Immunostaining quantification was performed from 40x magnification micrographs of all glomeruli observed in the biopsies of DN, FSGS, MCD and IgAN and 10 glomeruli from the control samples. Mindin expression was described as the percentage of labeled area relative to the total area evaluated, which was evaluated using the AxionCam ICc 5 (Zeiss®) interactive image analyzer system. WT1 expression was quantified using ImageJ 1.53 software, and the result was expressed as the cell density per glomerular area (podocyte/x106 μm3), according to Venkatereddy et al. [15].

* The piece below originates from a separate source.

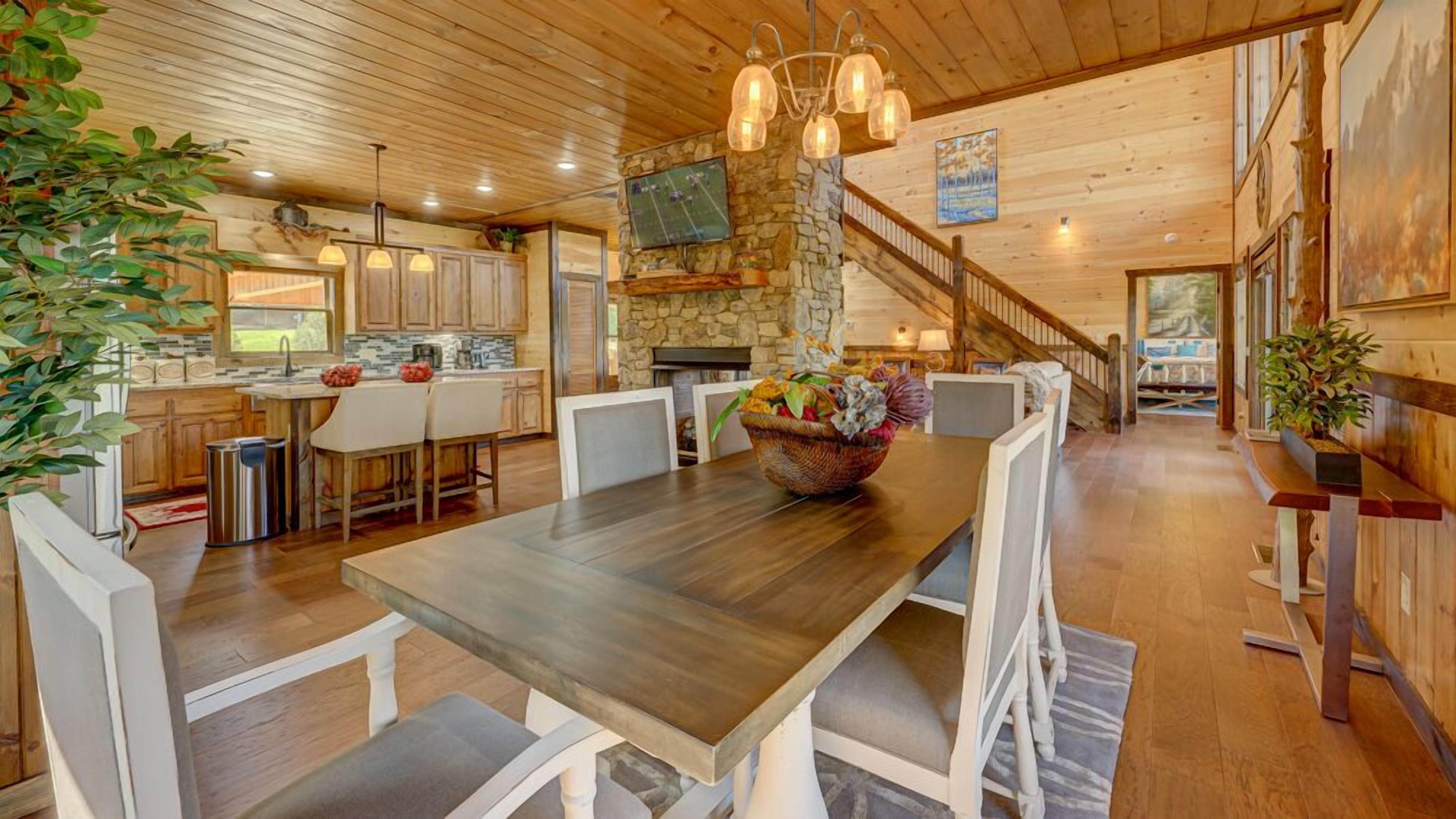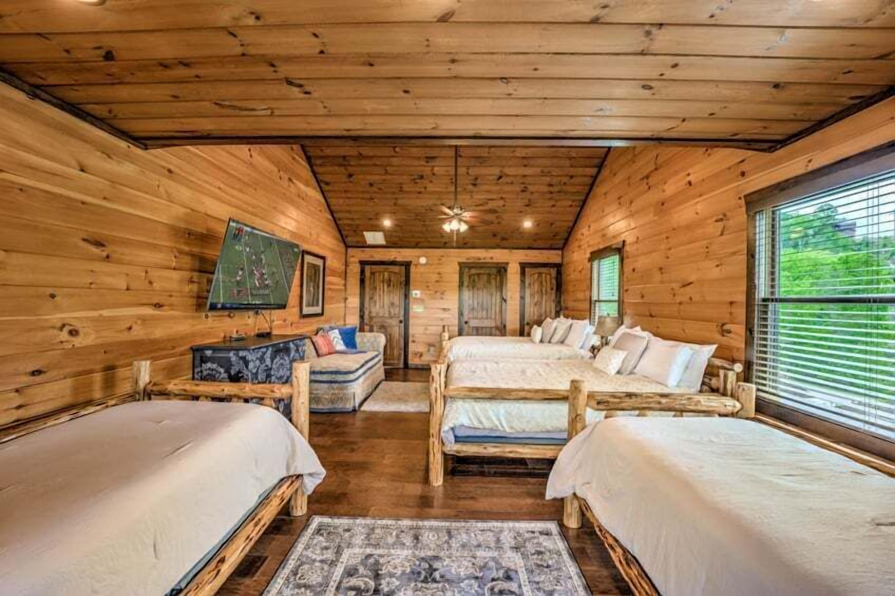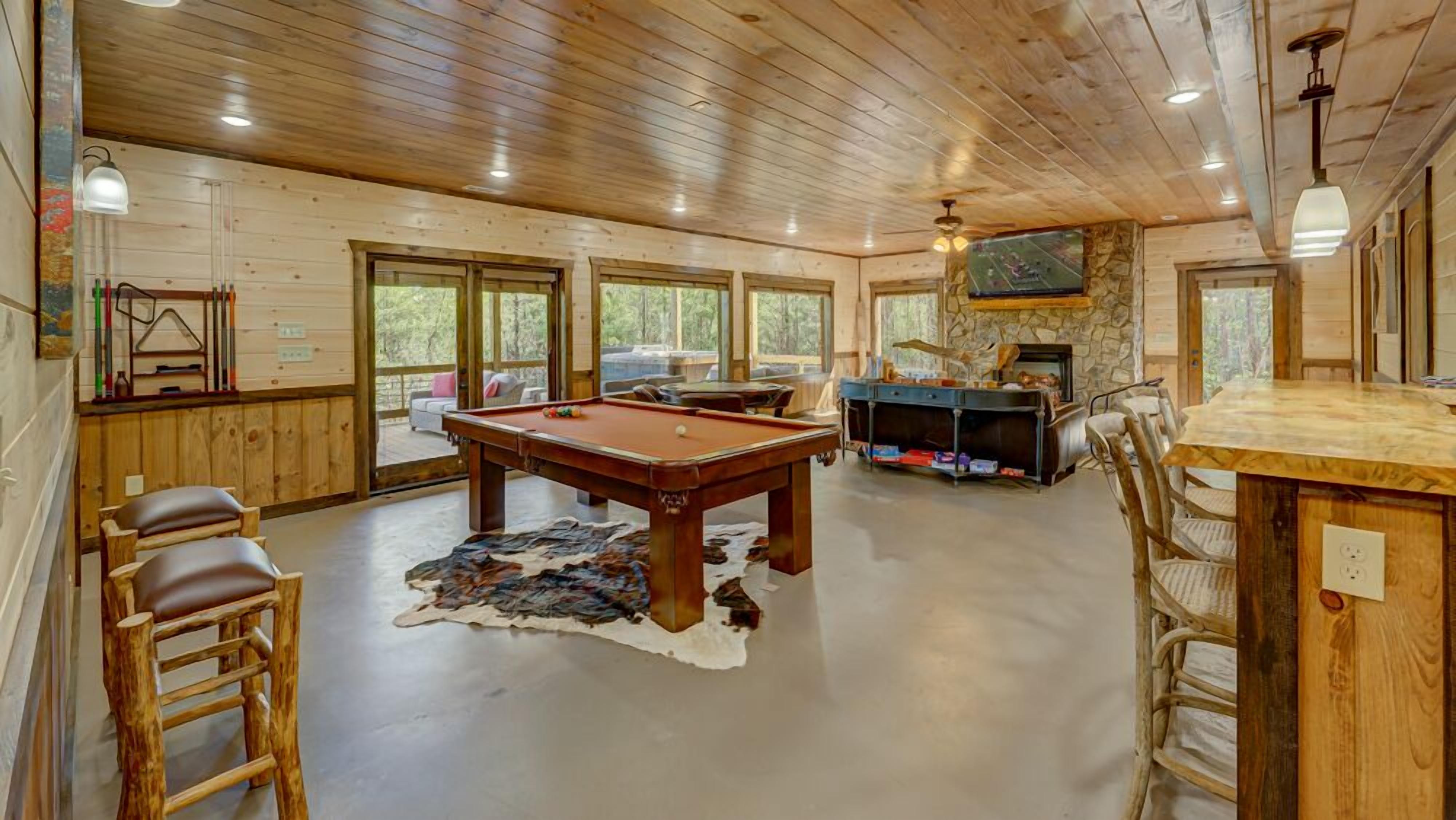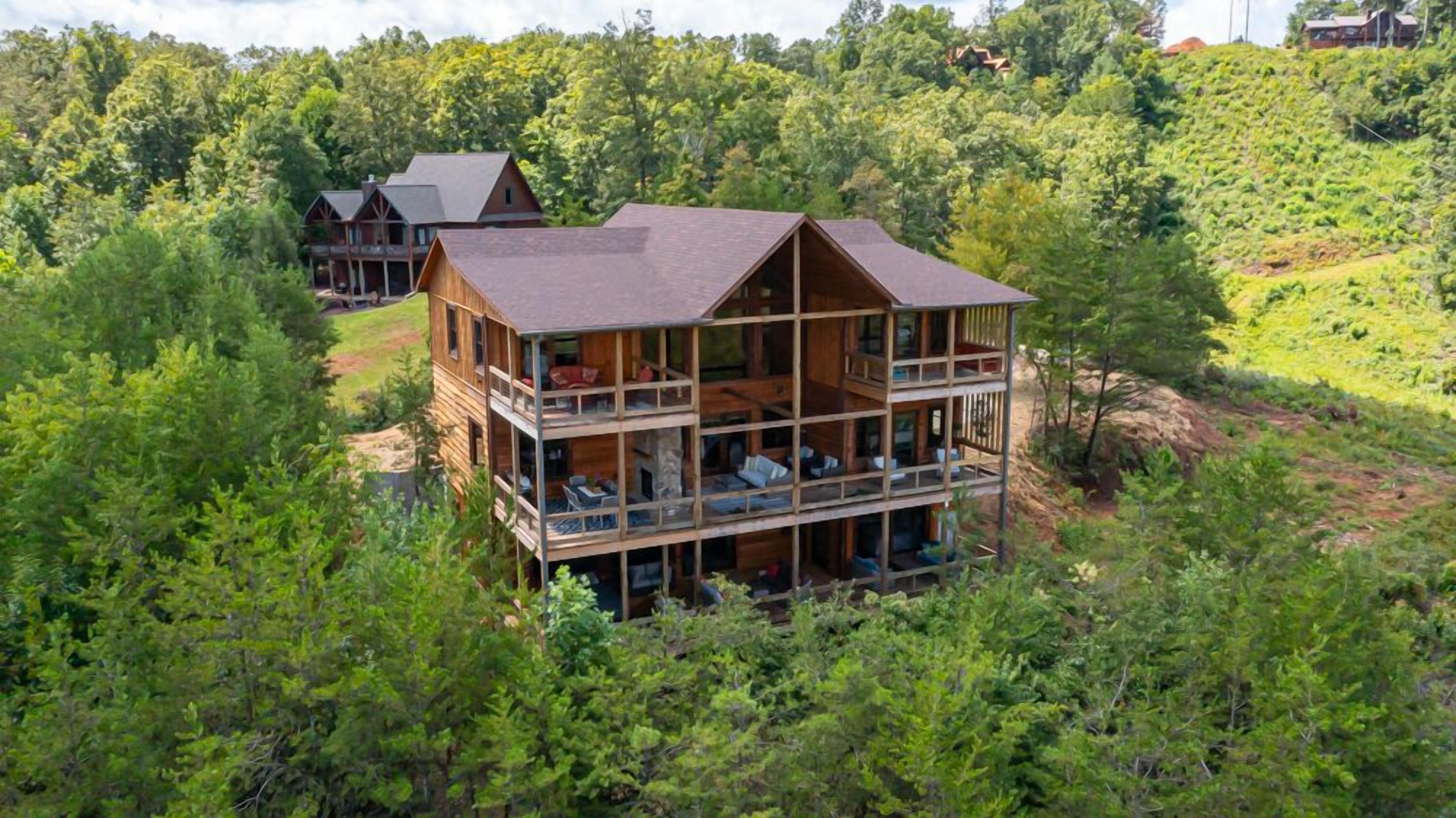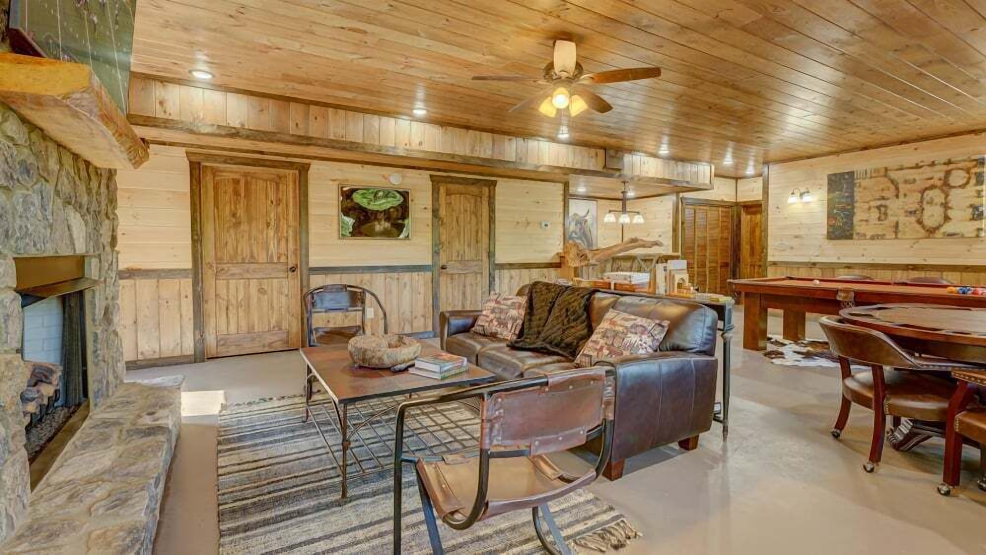 4 Leaf Clover - Pet Friendly | Mountain & River Views | Hot Tub | Pickleball Court | FirePit What if we told you that you could find a place in a gated community with a great view of the mountains, river, and railroad, and where you can see the train? Would you like to spend your stay there during your vacation? If you answer yes to that, then it's your lucky day. 4 Leaf Clover is perfect for you! Named after its owners, this is a true gem of a house. A specialty of this cabin that many others don't have? You can see the railroad track from the upstairs deck off the kid's bunk room (the Blue Ridge Train goes through on occasion) and the river from the upstairs bedroom. A wonderful surprise during your trip! As you walk inside, you'll notice the immaculate attention to detail taken in every piece of styling. From the multiple colors of luxurious wood to the massive chandelier with breathtaking 25' ceilings and large glass windows, no expense was spared to make this the perfect spot for unwinding and relaxing. You'll feel lucky to have found this beauty! The family room has lovely couches to sink into, along with a fireplace. So, curl up with a blanket, a good book, and a glass of wine, and enjoy! After you venture out of the living area, you'll be greeted by the immaculate kitchen. It is a chef's dream: the granite countertops, stainless steel appliances and the plethora of space will have you serving up some fantastic dishes. Carry your creations over to the dining area, complete with a fireplace, and share some stories while you share a meal. Get your game on with your loved ones - there's a pool table, poker table, shuffleboard, and plenty of board games inside. The basement has a wet bar with a mini refrigerator as well with stools - a great spot to post up and enjoy each other's company. If you're looking for some R&R in the great outdoors, you're in luck (again). 4 Leaf Clover has four separate balconies with plenty of seating for everyone. On the main level, you'll enjoy dining with a view, while grilling out at the gas grill. Looking for some friendly competition, 4 Leaf Clover has it's own pickleball court ready for its next match-up. When it gets chilly out, light up the outdoor fireplace. Or head down to the lower-level deck for a dip in the hot tub - such an excellent spot to spend late nights with family or friends. After a full day of fun in Blue Ridge, 4 Leaf Clover has the perfect places for you to rest your tired eyes. Retreat to the master bedroom on the main level and light up the gas fireplace. Each spacious bedroom has its own Smart TV, deck access and private bathroom. One of the most exciting parts about staying here is that 4 Leaf Clover is near some beautiful spots to do outdoor fun activities such as going to the river, fishing, kayaking, or watching trains. How wonderful is that? Such enjoyable things to do during your stay. Still deciding which place to stay? Consider 4 Leaf Clover! A beautiful place for your vacation. AmenitiesUnlimited WiFiCabin sleeps 12 (2 kings, 2 queens, 2 fulls, 2 twins)Game Room - pool table, pool table light, poker table, 4 chairs, 2 stools, board games, leather sofa, stone gas fireplace, 65” Smart TV, 2 chairs, coffee table, rug, ceiling fan, wet bar seats 3, granite countertops, mini refrigeratorOutdoor - covered front porch; main level covered deck, patio table seats 6, gas grill, rug, patio sofa, chairs, stone gas fireplace, coffee table, rug, patio swivel chairs, 2 ceiling fans; upstairs deck, 2 patio sofas, rug; second upstairs deck, patio sofa, 4 patio chairs, coffee table, rug, ceiling fan; downstairs deck, hot tub seats 6, 2 patio sofas, 2 patio love seats, 4 patio chairs, foot rests, coffee tables, rug, ceiling fans; fire pit with 6 king size Adirondack chairs; pickleball court Interior - natural wood, ceiling fansKitchen - fully equipped main level kitchen, stainless steel appliances, oven, custom cabinets, granite countertops, breakfast bar seats 2, kitchen utensils, microwave, crockpot, coffeemaker, KeurigDining Room - dining table seats 6, breakfast bar seats 2, fireplace, 42” Smart TVMedia - Cable TV, Smart TV streaming entertainment (sign-in to your subscription channels), local telephoneFamily Room - 2 leather sofas with built in electric recliners, stone gas fireplace, 65” Smart TV, 2 chairs, coffee table, side table, lamps, rugLoft - shuffleboard, sofa, rugBedrooms - master on main, king bed, 55” Smart TV, stone electric fireplace, dresser, night stands, lamps, bench, ceiling fan, rug, deck access; upstairs bedroom, king bed, 55” Smart TV, chair, dresser, night stands, lamps, rug, ceiling fan, deck access; second upstairs bedroom, 2 full beds, 2 twin beds, chaise, 65” Smart TV, dresser, night stand, lamp, rug, deck access; downstairs bedroom, 2 queen beds, 55” Smart TV, chair, dresser, night stand, lamp, rug, ceiling fanBathrooms - main level master bath, jetted tub, walk-in shower, granite top vanity; main level half bath, granite top vanity; upstairs bath, tub/shower combo, granite top vanity; second upstairs bath, walk-in shower, granite top double vanity; downstairs bath, tub/shower combo, granite top vanity; downstairs half bath, granite top vanityLaundry - washer and dryer downstairsPet Friendly - up to 2 well behaved dogs with prior management approvalCentral HVACDrive to Cabin - paved roads to cabin, gated community, concrete driveway, 2 car portico in front

Foot process effacement analysis

Foot process effacement was assessed by measuring the width in TEM images (7000x magnification) captured with a Zeiss EM-900 microscope. Images of all viable glomerular loops from two glomeruli were evaluated using ImageJ 1.53 software. The glomerular loop length (μm) was divided by the number of foot processes observed in the respective loop. The mean values of each DN sample mean underwent factor π/4 correction to normalize the presumed random variation of the section angle related to the long axis of the podocyte [16]. The mean foot process width (FPW) of each biopsy evaluated was expressed in nanometers (nm) [12].

Statistical analysis

Statistical analyses were performed using GraphPad Prism version 7.0 software, with the level of significance set at 0.05. All data were submitted to the Kolmogorov‒Smirnov test. Then, the Mann‒Whitney (U) test or Kruskal‒Wallis (H) followed by Dunn’s posttest was used according to the number of groups. Correlation analysis was conducted using Spearman’s test (rS). The diagnostic performance (sensitivity/specificity) of the Mindin biomarker was tested by receiver operative characteristic (ROC) curves with their respective area under the curve (AUC) and 95% confidence interval (95% CI).

Results

Podocyte alterations in diabetic nephropathy

The presence of podocytes in renal biopsies was analyzed by WT1 immunostaining. The DN group presented a significant reduction in podocyte density, which was demonstrated by the lower WT1 expression compared to the control group (p < 0.0001, U = 120, Fig 1A–1C). Since the number of podocytes was reduced in DN, we evaluated foot process effacement in DN cases, and we observed that FPW was higher in DN cases than in the control group, showing greater foot process effacement in the DN group (p < 0.0001, U = 1, Fig 1D). Although foot process effacement was present in all DN classes, it was significantly greater in classes III and IV than in the control group (p < 0.0066, H = 14.49, Fig 1E). Differences between the DN and control groups were evidenced by transmission electron microscopy analysis (Fig 1F–1G).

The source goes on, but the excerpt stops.